Today’s entry is something of a dodge in a way (I sort of wanted to pile on about this and make the point that it is a much sounder development than this was) and something of knocking down a hastily-created strawman in another respect. But what it mostly amounts to is pursuing a not-yet-fully-formed thesis that has been kicking around my brain for a bit.

The quick and dirty description of the thesis is: Ethics rules are tools; having the right one for the right situation saves a lot of time and effort, but it also protects lawyers and clients alike by providing certainty.

I keep coming back to this thesis of late because of a few instances of things arising in my practice (about which I can’t elaborate of course) as well as discussions I’ve been privy to at ethics conferences and presentations that have particularly focused on issues of civility in the practice of law and whether more should be done to establish rules to punish lawyers for conduct many (perhaps most) but certainly not all lawyers would view as uncivil.

In the discussions of civility, I keep returning to the notion that we already have certain specific rules that prohibit conduct of an uncivil nature and ought to focus on enforcing those rather than layering on other proposed solutions outside of the rules. Those rules are Model Rule 4.4(a) and Model Rule 8.4(d). Admittedly, 4.4(a) is much more supportive of my thesis as it is very clear about what it prohibits: a lawyer, who is representing a client, cannot “use means that have no substantial purpose other than to embarrass, delay, or burden a third person.” I am usually hard-pressed to hear of a situation that a lawyer is complaining of under the category of “incivility” that is both clearly deserving of punishment and not already prohibited by 4.4(a).

Offering even stronger support for exploring my thesis though is this recent ethics opinion from the Texas Center for Legal Ethics. Opinion 691 addresses this question: “Under the Texas Disciplinary Rules of Professional Conduct, when may a lawyer represent a client adverse to a former prospective client of the lawyer or another lawyer in the lawyer’s firm.” Examining that question, the opinion spends almost 5 pages to get to its four-paragraph conclusion.

Many of you reading this, likely are asking yourselves the same question I did when I saw news about the issuance of the opinion: Why is this a live question in Texas and why does it take so many pages to answer?

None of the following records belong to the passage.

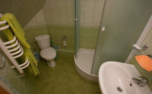 В санузле имеется душ, унитаз, раковина, по два полотенца.
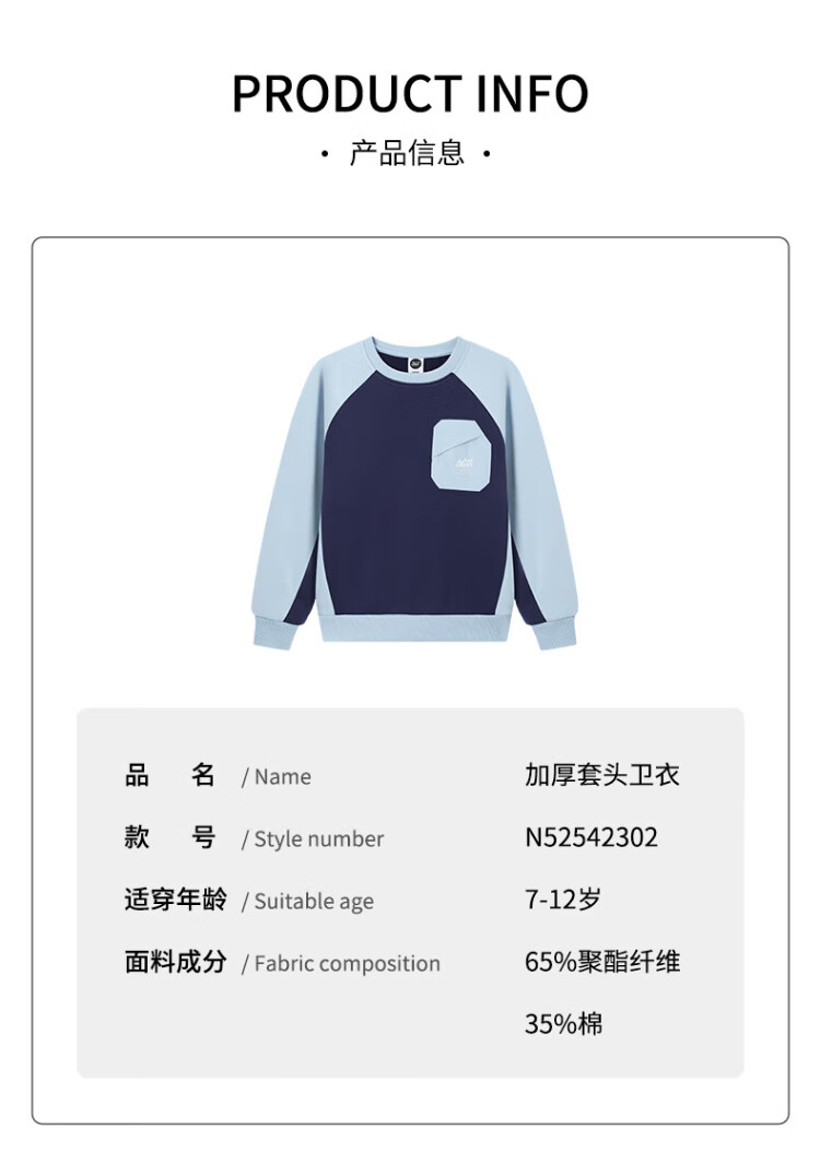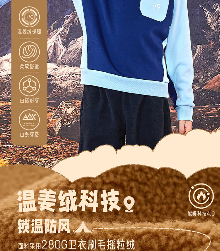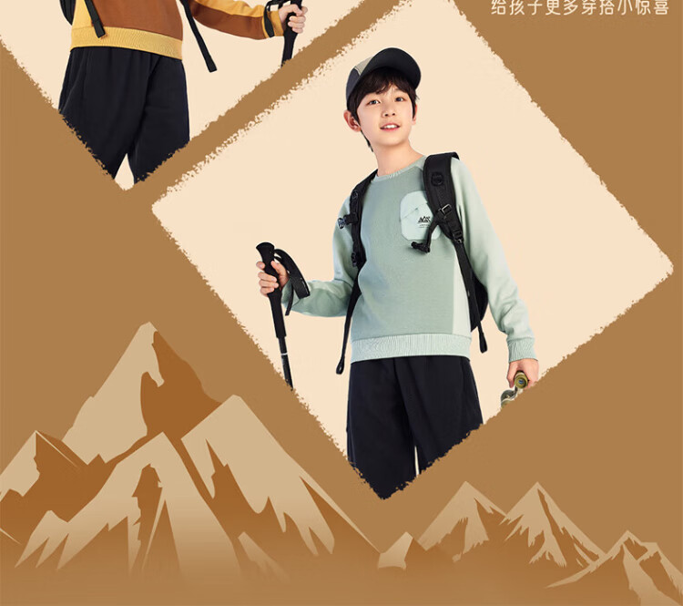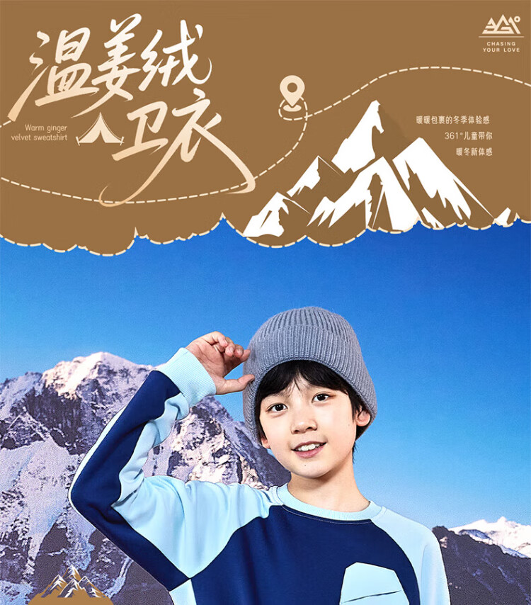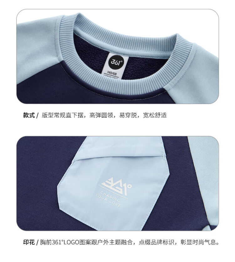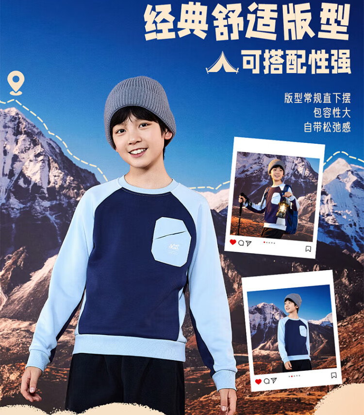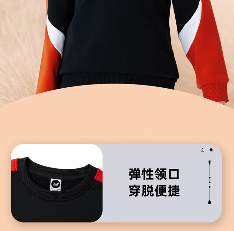 361 Children's Clothing Children's Sweatshirt 25 Winter Boys' Medium and Large Children's Velvet Warm Windproof Pullover Sweatshirt Red 150
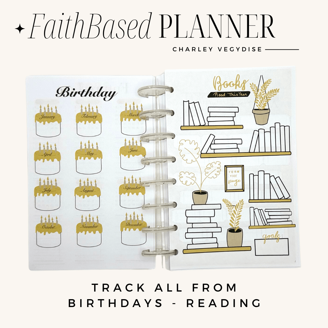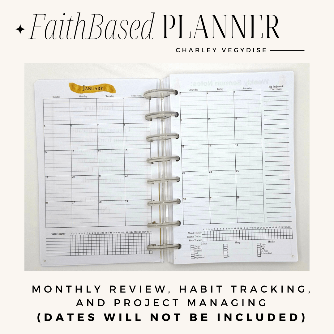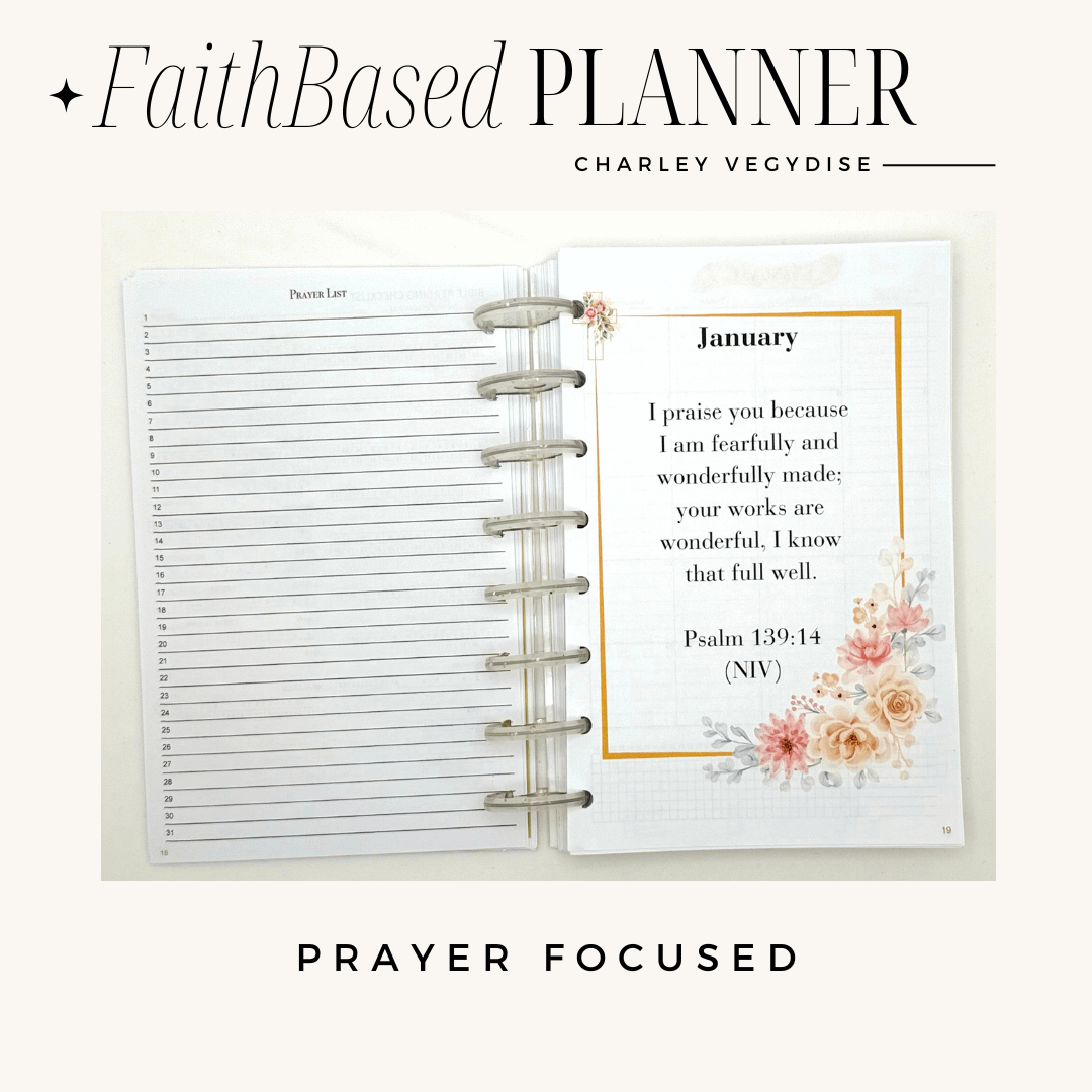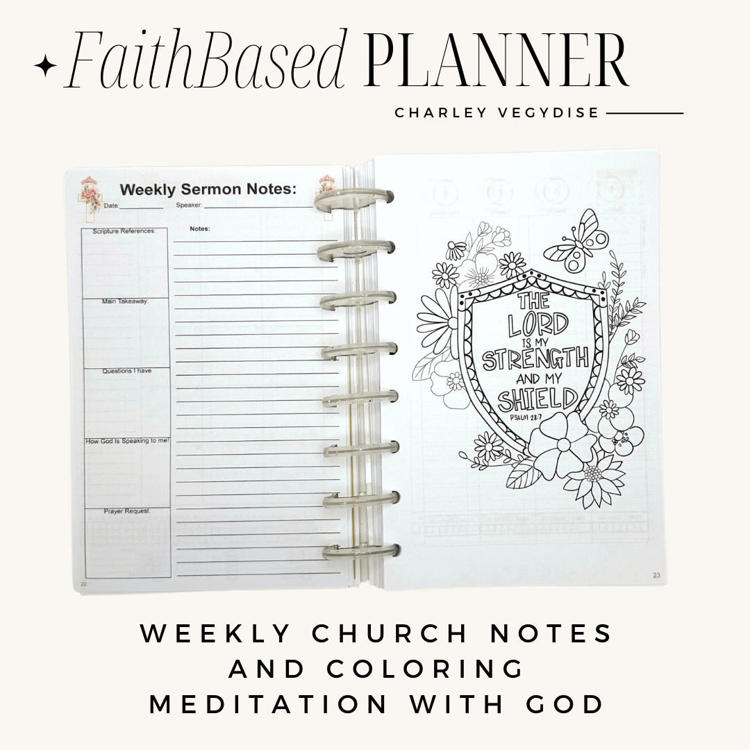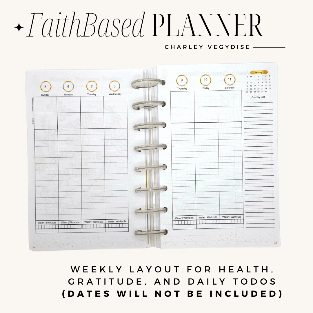 Welcome to the Faith Based Undated Planner – Where faith and handing all of life comes together. No matter what you have going on in your life and day to day, this planner can hold it all. From family, to school, to work, health and wellness, and faith You are able to fully customize this planner to your needs to hold it all.
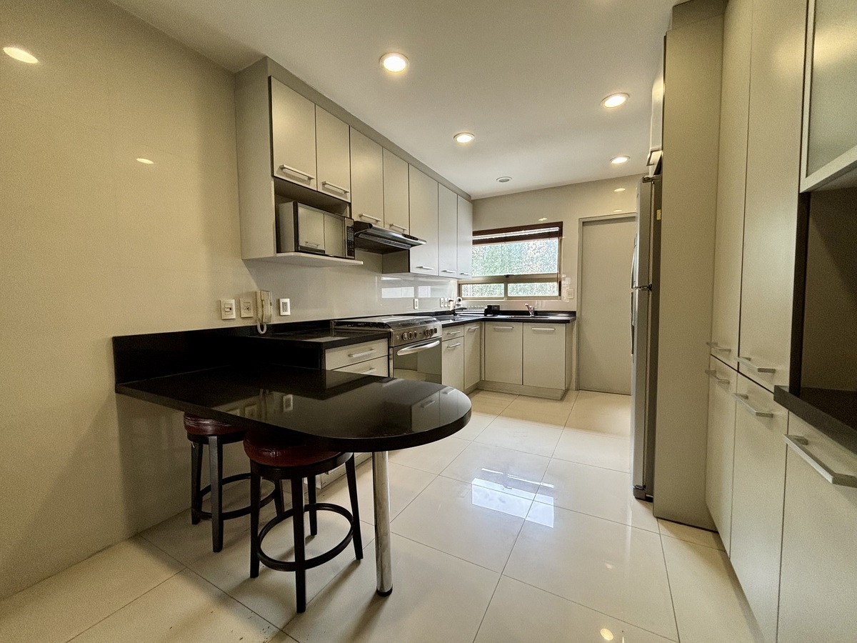 Cocina muy amplia con desayunador, cubierta de granito. Cuenta con cuarto de servicio y área de lavado.
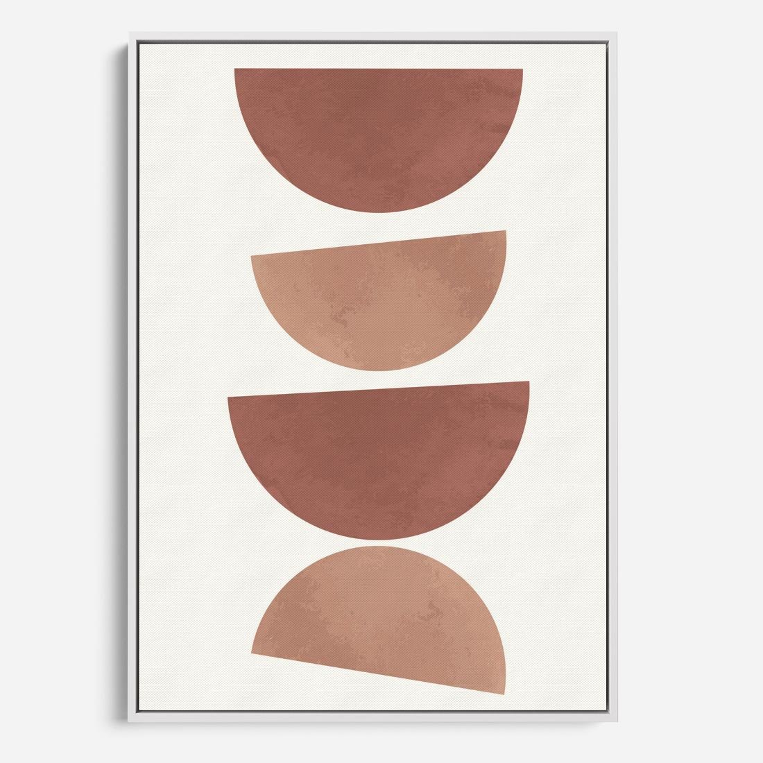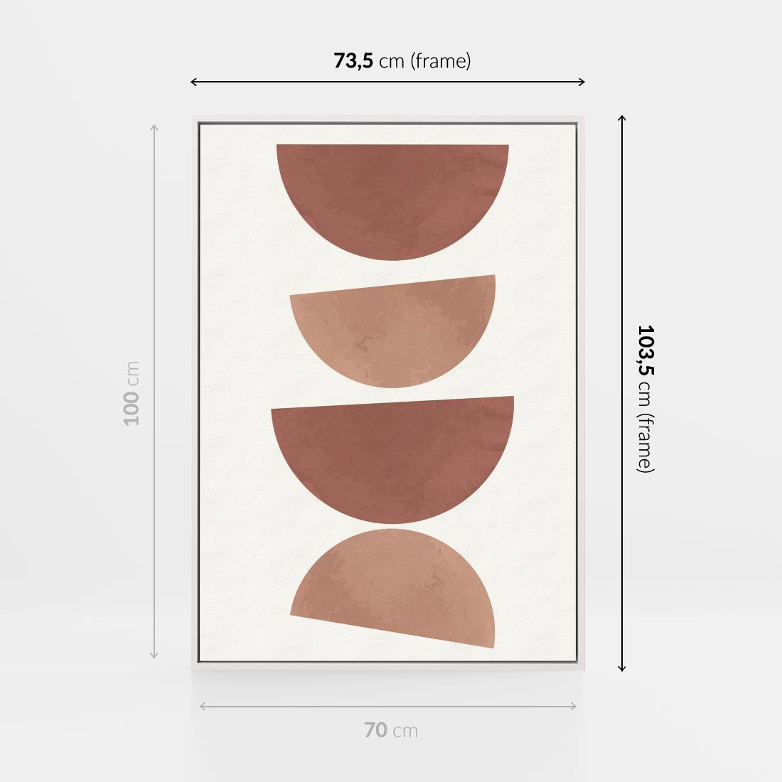 Ten obraz przedstawia abstrakcyjne geometryczne kształty w stonowanych odcieniach brązu i beżu. Doskonale wpasuje się w minimalizm, boho styl i nowoczesne wnętrza.
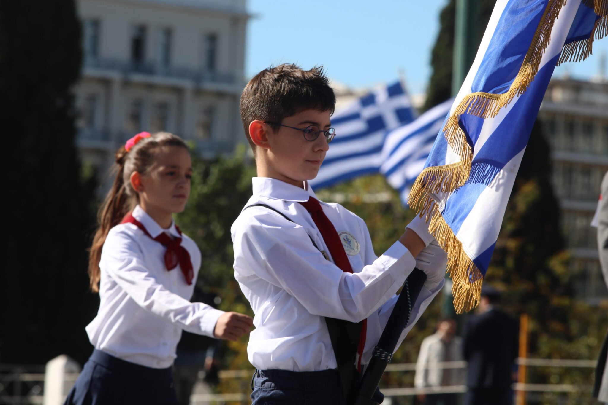 Οι μαθητές τίμησαν το ιστορικό «όχι» του Ιωάννη Μεταξά κατά των Ιταλών, ενώ νωρίτερα το πρωί ξεκίνησαν οι εορταστικές εκδηλώσεις με κανονιοβολισμούς στον Λυκαβηττό και έπαρση της ελληνικής σημαίας στον Ιερό Βράχο της Ακρόπολης.
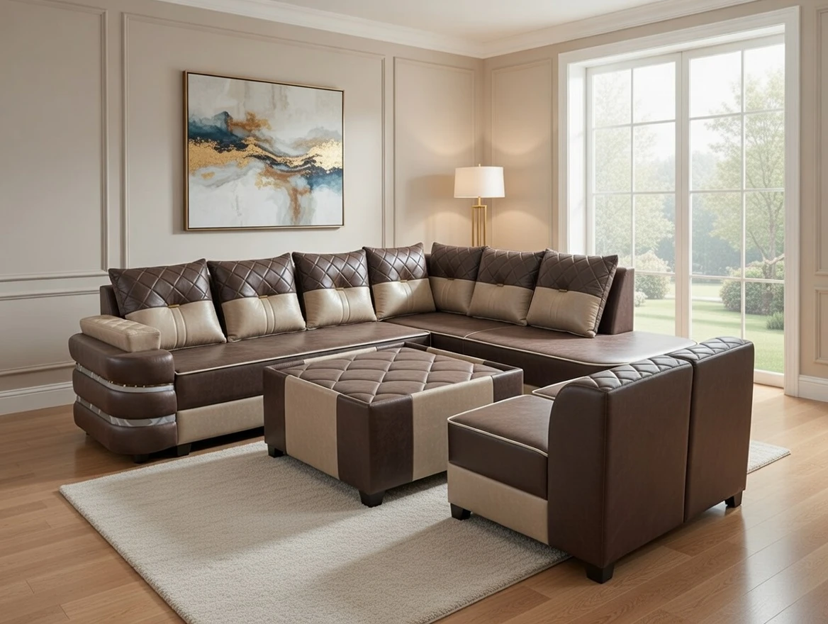 A bold and sophisticated sectional sofa set crafted in rich midnight brown and soft beige tones. Featuring quilted diamond-pattern back cushions, sleek layered arm detailing, and smooth curved edges, this design combines modern elegance with exceptional comfort. The matching tufted ottoman enhances the coordinated look, making it a perfect statement piece for contemporary living spaces that seek style, durability, and refined luxury.
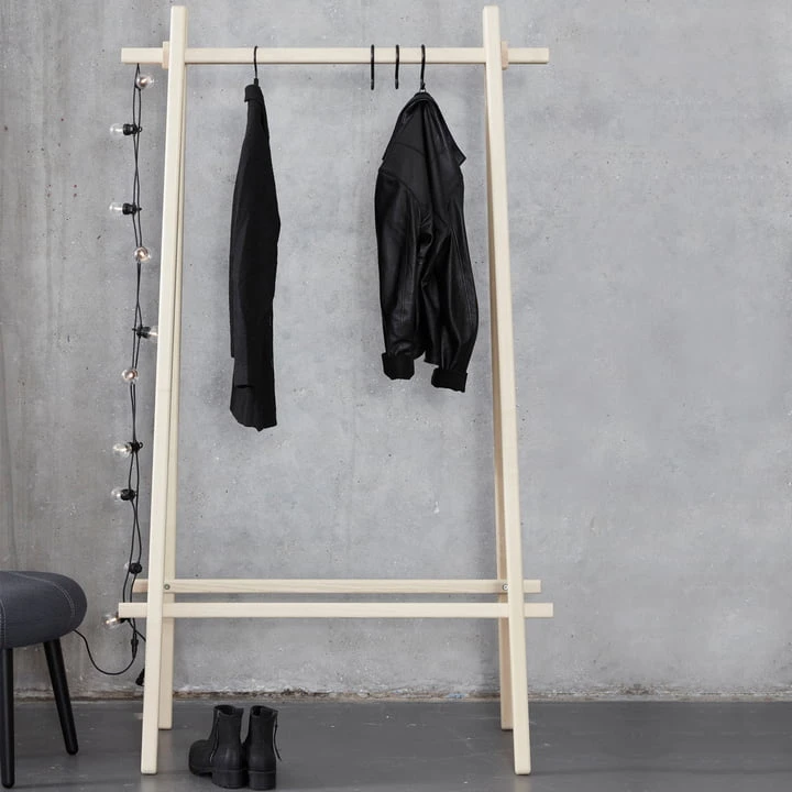 The coat stand by Andersen Furniture is a space-saving clothes rack that can be attached to the wall, as well as be transformed in a coat stand with the help of the corresponding connectors.
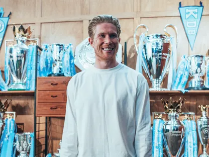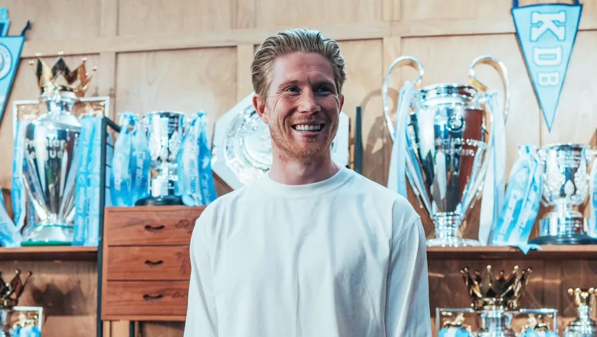 كيفين دي بروين وسط ألقابه التي تُوج بها مع مانشستر سيتي الإنجليزي - 28 مايو 2025 - X/ManCity
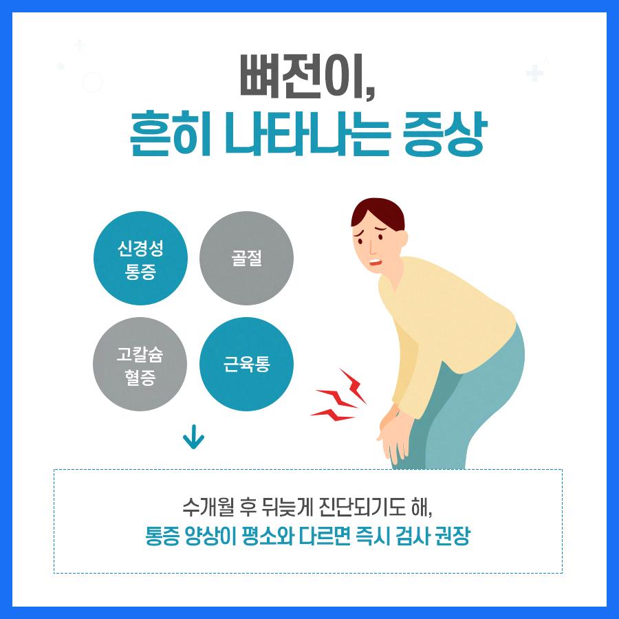 ▲점점 심해지는 지속적 통증이 가장 흔한 증상이며, 특히 밤에 심해지거나 쉬어도 나아지지 않는 것이 특징적입니다. 단순 근육통으로 오인해 물리치료만 받다가 뒤늦게 발견되는 경우도 적지 않습니다.

Because Texas has not adopted Model Rule 1.18, or any other specific rule, addressing a lawyer’s duties owed to prospective clients.

Fascinatingly, this Texas opinion ultimately offers an analysis that can still be distilled down to look a good bit like Model Rule 1.18 with really only one important difference: no non-consensual screening to avoid imputed disqualification. If this opinion is correct about how things should work in Texas, then Texas could just have adopted (and now could adopt) a rule that if I understand their fun numbering would be 1.17:

Duties to Prospective Client.

(a) A person who consults with a lawyer about the possibility of forming a client-lawyer relationship with respect to a matter is a prospective client.

(b) Even when no client-lawyer relationship ensues, a lawyer who has learned information from a prospective client shall not use or reveal that information except as Rule 1.05 would permit.

(c) A lawyer subject to paragraph (b) shall not represent a client with interests materially adverse to those of a prospective client in the same or a substantially related matter if the lawyer received information from the prospective client that could be significantly harmful to that person in the matter. If a lawyer is disqualified from representation under this paragraph, no lawyer in a firm with which that lawyer is associated may knowingly undertake or continue representation in such a matter.

And if Texas had just done that, then lawyers and prospective clients would be able to know clearly what is to be expected. Instead, lawyers and prospective clients (and others) will be left to wonder whether this opinion accurately describes what the other rules mean.